Regression: what it is, when to use it, how to run it (SPSS, jamovi, JASP, R), and how to interpret it

What regression is
Regression estimates how an outcome (Y) changes when one or more predictors (X1…Xk) change. In linear regression the fitted line is: Ŷ = b0 + b1X1 + … + bkXk. Each coefficient shows the expected change in Y for a one-unit change in that predictor while other variables are held constant. Regression is for prediction and adjusted associations; it does not prove causation.

When to use regression
– Continuous outcome (e.g., score, income): Linear regression (ordinary least squares).
– Binary outcome (0/1): Binary logistic regression.
– Multicategory nominal outcome: Multinomial logistic regression.
– Ordered categories: Ordinal logistic regression.
– Counts: Poisson or Negative Binomial (use NB if overdispersed).
– Time to event: Cox proportional hazards (survival).

Pre-checks before running
– Inspect scatterplots to check linearity; consider transformations or splines if curved.
– Look for outliers and influence (leverage, Cook’s D).
– Check multicollinearity (VIF < about 5–10).
– Code categorical predictors with a clear reference level (dummy/indicator coding).
– Plan interactions a priori; center or standardize continuous predictors if you include them.
– Decide how to handle missing data (prefer multiple imputation over listwise deletion when feasible).

How to run it

SPSS (linear)

Analyze → Regression → Linear.
Move outcome to Dependent, predictors to Independent(s).
Statistics: Estimates, Model fit, Confidence intervals, Collinearity diagnostics; add Durbin–Watson for time-ordered data.
Plots: ZPRED vs ZRESID; histogram and normal P-P of residuals.
Save: Predicted values and residuals if you need diagnostics.
OK.

SPSS (binary logistic)

Analyze → Regression → Binary Logistic.
Put outcome (coded 0/1) in Dependent; predictors in Covariates; specify categorical predictors and reference levels in Categorical.
Options: Confidence intervals for exp(B); classification table; ROC if available.
OK.

jamovi
– Linear: Regression → Linear Regression. Add Dependent, Covariates/Factors. Turn on Standardized estimates, Confidence intervals, VIF, residual plots.
– Logistic: Regression → Logistic Regression (or GAMLj module). Request Odds ratios (exp(β)), Pseudo-R², ROC/AUC.

JASP
– Linear: Regression → Linear Regression. Add variables; enable Standardized coefficients, VIF, residual diagnostics (QQ plot, residual vs fitted).
– Logistic: Regression → Logistic Regression (Binary/Multinomial/Ordinal). Request Odds ratios, ROC curve, classification table, Pseudo-R², diagnostics.

How to interpret results

Linear regression (OLS)
– Coefficients (b): expected change in Y for a one-unit increase in X, holding others constant.
– Standardized beta (β): effect in SD units; useful for comparing predictors on different scales.
– Confidence intervals: report 95% CI for each coefficient.
– Model fit: R² (variance explained) and Adjusted R²; F-test for overall model; check residual plots for homoscedasticity and normality (for inference).
Example: “Study hours predicted GPA, b = 0.07, 95% CI [0.03, 0.11], t(196) = 3.45, p = .001, β = .24. Model F(3,196) = 18.2, p < .001, R² = .22.”

Logistic regression
– Coefficients are log-odds; exponentiate to get Odds Ratios (OR). OR > 1 increases odds; OR < 1 decreases odds.
– Report 95% CI for OR, Pseudo-R² (e.g., Nagelkerke), AUC for discrimination, and calibration checks.
Example: “GRE score predicted admission, OR = 1.12, 95% CI [1.05, 1.21], p = .002, controlling for GPA and research experience. AUC = .81; Nagelkerke R² = .29.”
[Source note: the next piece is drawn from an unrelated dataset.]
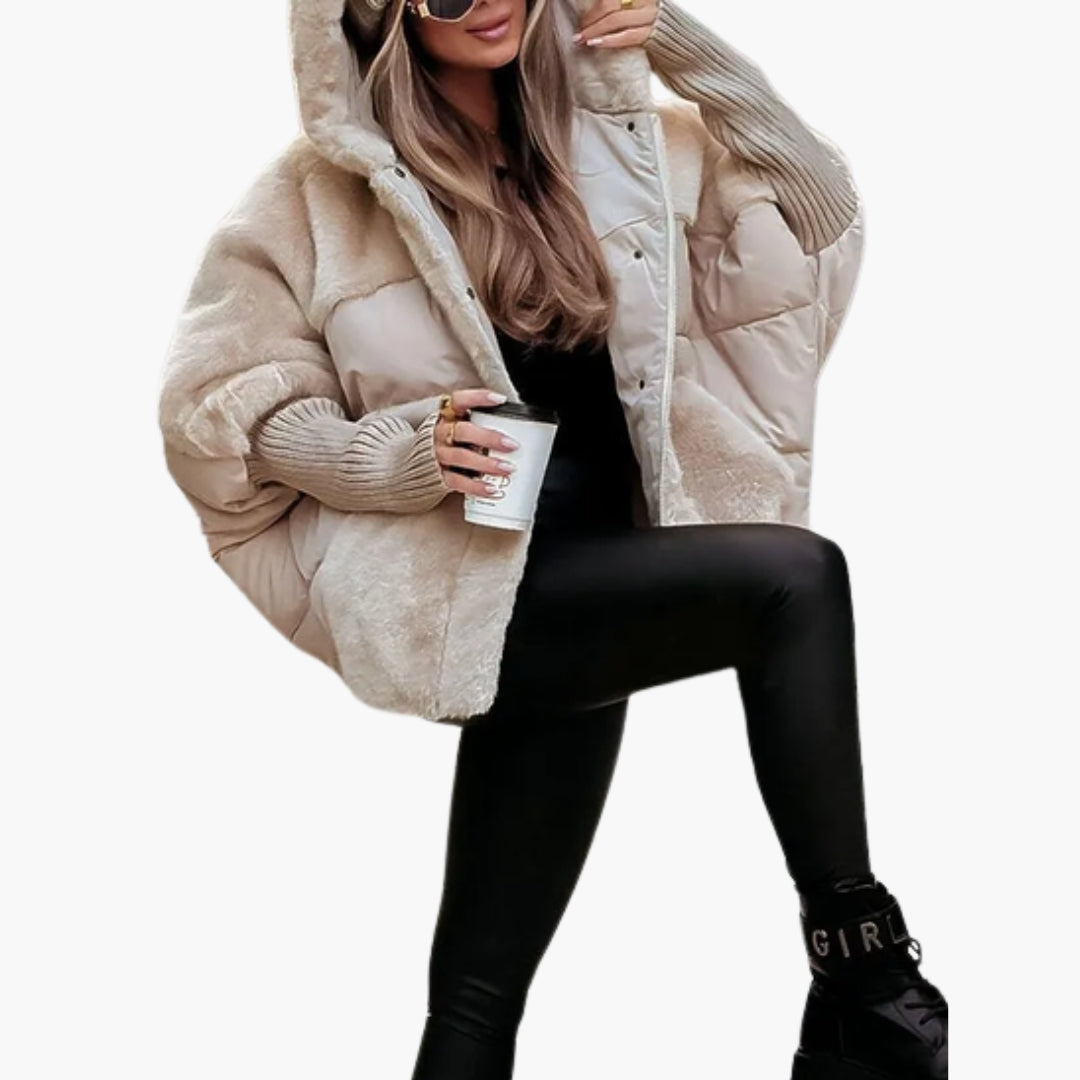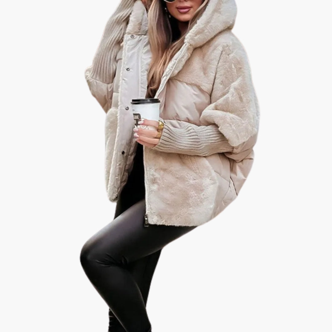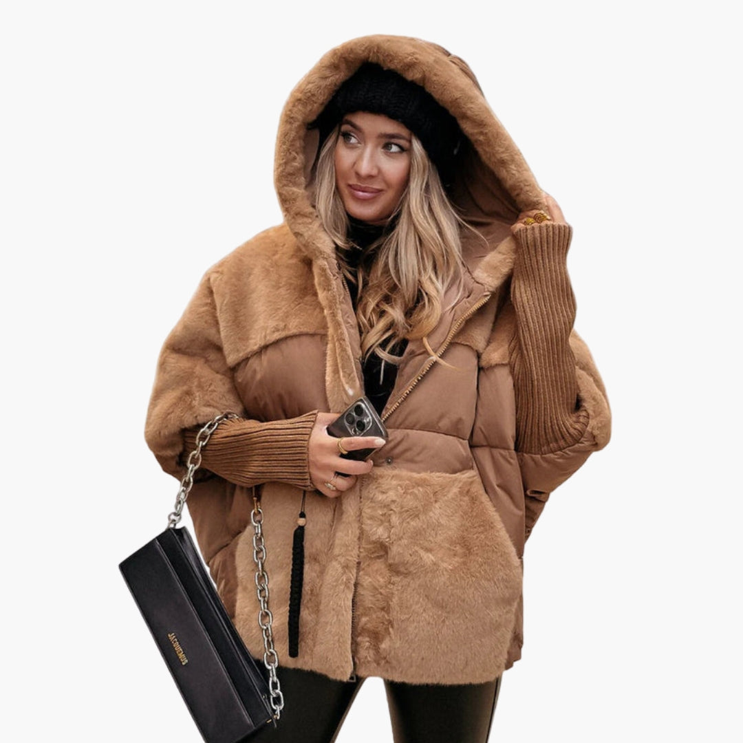 Casaco de inverno com capuz para mulher, pelo sintético, secções acolchoadas, ajuste largo.

Diagnostics and good practice
– Outliers/influence: inspect leverage, Cook’s D, DFBETAs; justify any exclusions.
– Heteroscedasticity (OLS): residual vs fitted plot; consider robust SEs.
– Nonlinearity: add polynomial or spline terms; check linearity of log-odds for logistic.
– Multicollinearity: high VIF suggests redundant predictors; consider dropping, combining, or regularizing.
– Multiple testing: control false discovery when fitting many models.
– Model selection: avoid blind stepwise; prefer theory, cross-validation, or regularization (ridge/LASSO).
– Transparency: preregister, share code, and include diagnostics.

Quick decision guide
– Continuous outcome → Linear regression.
– Binary outcome → Logistic regression.
– Counts → Poisson or Negative Binomial.
– Ordered categories → Ordinal logistic.
– Time-to-event → Cox regression.

Takeaway
Match the regression type to your outcome, check assumptions and diagnostics, report effect sizes with confidence intervals, and avoid causal claims unless your design supports them.